O Poder da Sofia - VI

O Poder da Sofia - VI


Vivia de escrita jornalística e agora queria experienciar a carreira de escritor. Fui à  casa da Sofia pelas 7h da noite, não a avisei e fui mal recebido. A ideia de eliminação de fronteiras para convivência não incluía invasão de privacidade, principalmente, à noite.


Depois de um olhar de cão arrependido, ela recebeu o presente que ainda estava pendurado na minha mão, castanha de cajú. Demo-nos um beijo de reconciliação e caminhámos para a cozinha. Havia uma novidade na flat da Sofia, na cozinha e na casa de banho havia também um aparelho de som. Antes de perguntar ela disse-me que não sabia porquê. Mas não colocou no quarto porque ao dormir não precisa de som. E ao copular não precisa de excitação externa. 



O celular tocou, era a Hanifa. Receei em atender. Cancelei a chamada. A Sofia examinou-me e por fim perguntou - Namorada? Conversámos sobre mim e desaguamos no momento de sexo a três ocorrido noutra noite com as amigas. Confessei que gostara dos gemidos da Sara e que o rabo da Neide era um quadro de arte, mas não muito útil no acto. Rimo-nos e a Sofia comeu a castanha de cajú. Mastigou forte e cuspiu uma parte na palma da mão dizendo em simultâneo que a Neide gostou do meu espermatozóide e, por isso, engoliu-o. Levantei com mão direita no centro do peito e agachei meneando a cabeça para baixo por três vezes. Ela aproximou-se da lata de lixo e deixou escapar o exemplar de esperma. 



Cozinhei para Sofia enquanto ela lia poemas de José Craveirinha. Pela cozinha podia ouvir os delírios de leitura a embriagar o imaginário dela. Tirei o livro  e convidei-a para cozinha. Pediu que eu a servisse. Obedeci. Durante o jantar falámos do artigo da Hanifa e achei a discussão, um pouco vívida. A Sofia contrapôs o argumento da Hanifa sobre violência doméstica. A Hanifa tinha histórias e a Sofia tinha o histórico das histórias. Mas não aceitou fazer parte da matéria. Silenciou-me contra a parede e tirou uma gravata do seu bolso e amarrou-a no meu pescoço puxando-me para o quarto.

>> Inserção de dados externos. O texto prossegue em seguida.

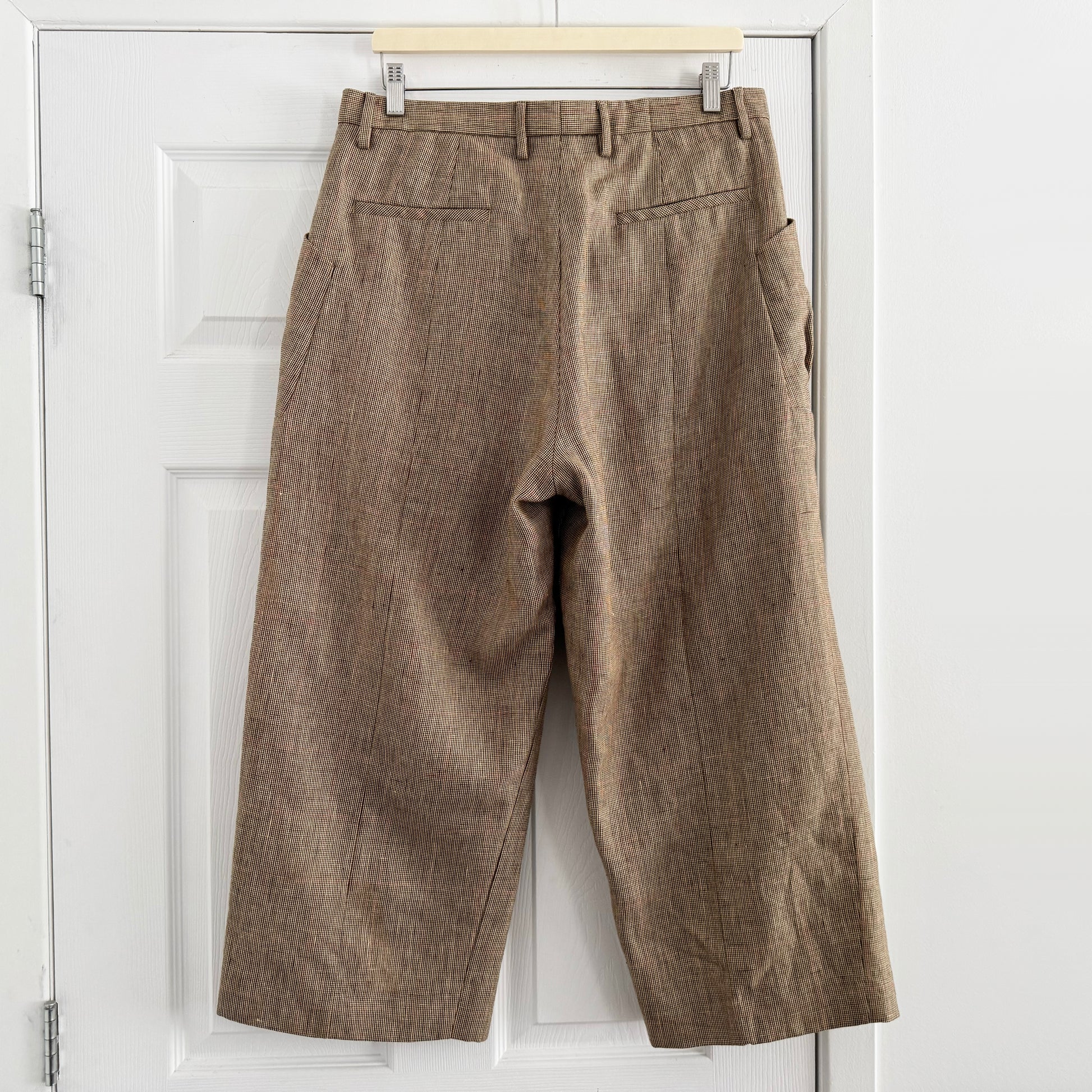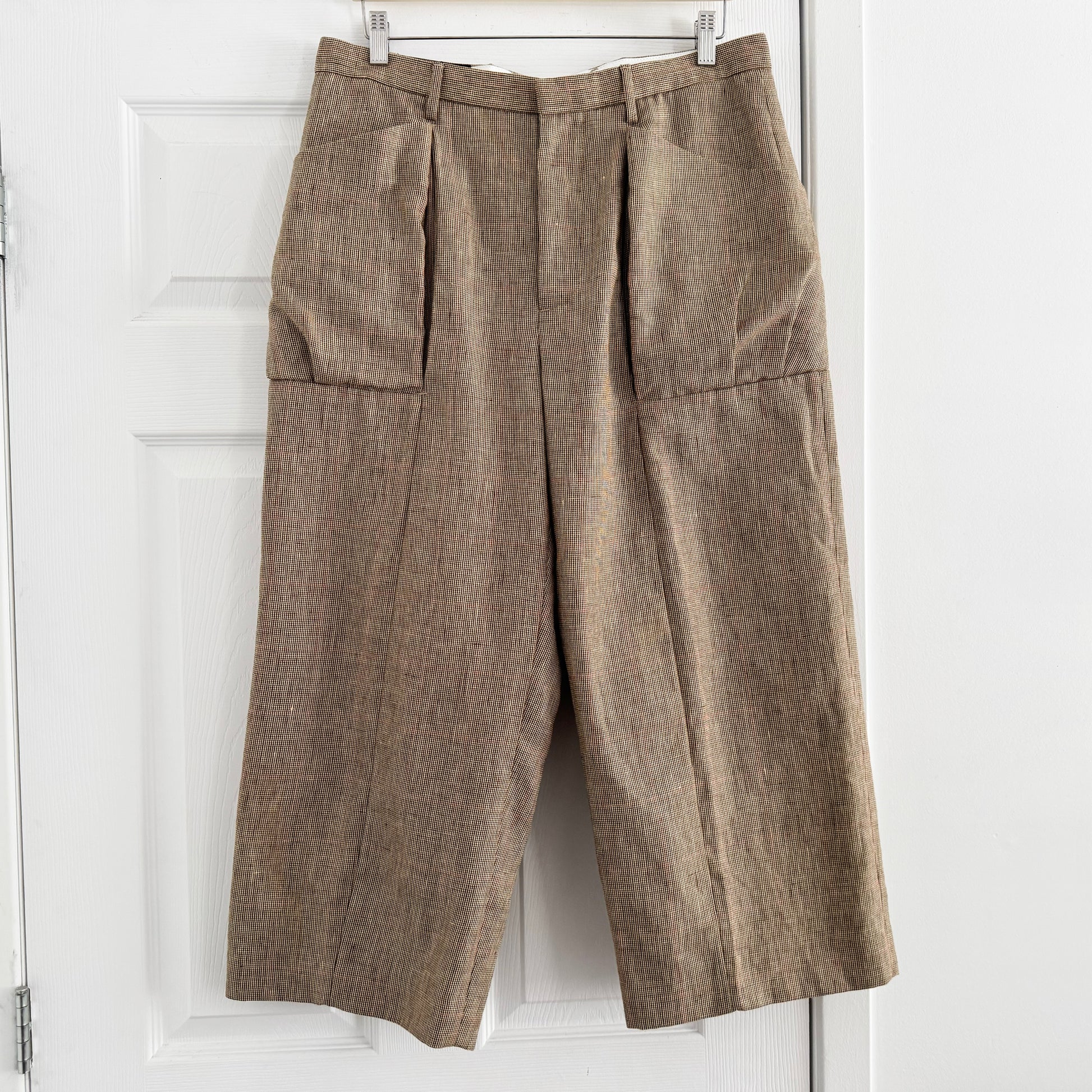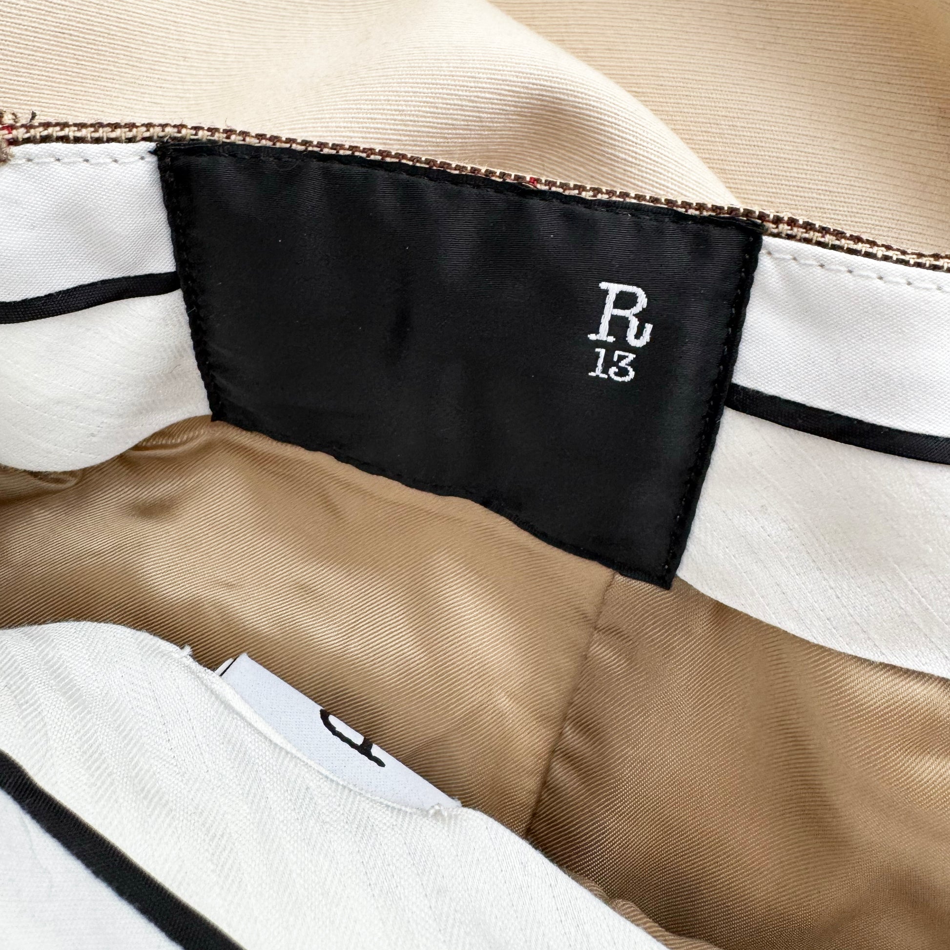 R13 Pleated Pocket Trousers in Brown, size 29. Fits slouchy to size. Insanely cool - a loose silhouette so perfectly complimented by the fabric - it's the kind of pant that can't be considered fully dressy, or fully casual - it's both, it's neither - they're whatever you want them to be. Great with boots, or flats - in just about any season but the heat of summer i'd say? Fully lined, which you don't see that much anymore. 17.5 inches flat across at the waistband. 12.5 inch rise. 23.5 inch inseam. 51% Wool, 49% Linen. Originally $1225CAD, and selling here for $315CAD!

Era uma noite fria e os últimos acontecimentos também emergiam uma frieza comportamental. Pelo menos já não queria obedecer apenas o instinto. Queria um plano que me desse um caminho. Desabafei. A gravata ainda  estava no meu pescoço e foi usado para escapulir a frieza comportamental. Sob a actividade sexual sendo eu o dominado, respondi algumas perguntas impróprias para quem está a alimentar a esperança com base no coito. Ouvi - Amas a Hanifa? Cada resposta relutante era, para a Sofia, uma glória no acto. Não conseguia responder. Os nervos do raciocínio tinham sido colonizados pelo prazer. 



A Sofia não esperava que eu replicasse a nenhuma pergunta. Queria sentir-se no comando, queria dominar, não apenas como fêmea, mas como uma demostração da arte feminina. Para ela, a cópula deve ter um propósito cúmplice. Decidimos que faríamos juntos o trabalho dela. Precisávamos de um novo destino e de novas pessoas para mostrar paisagens. Agora perguntava-me de novo se eu amava Hanifa. Para Sofia, a Hanifa era uma pessoa normal e não devia se entregar ao meu mundo.


Frustrar-se-ia. A sua vida acabaria resumida no fracasso. A sociedade precisa da Hanifa e eu preciso de ti. - Disse a Sofia.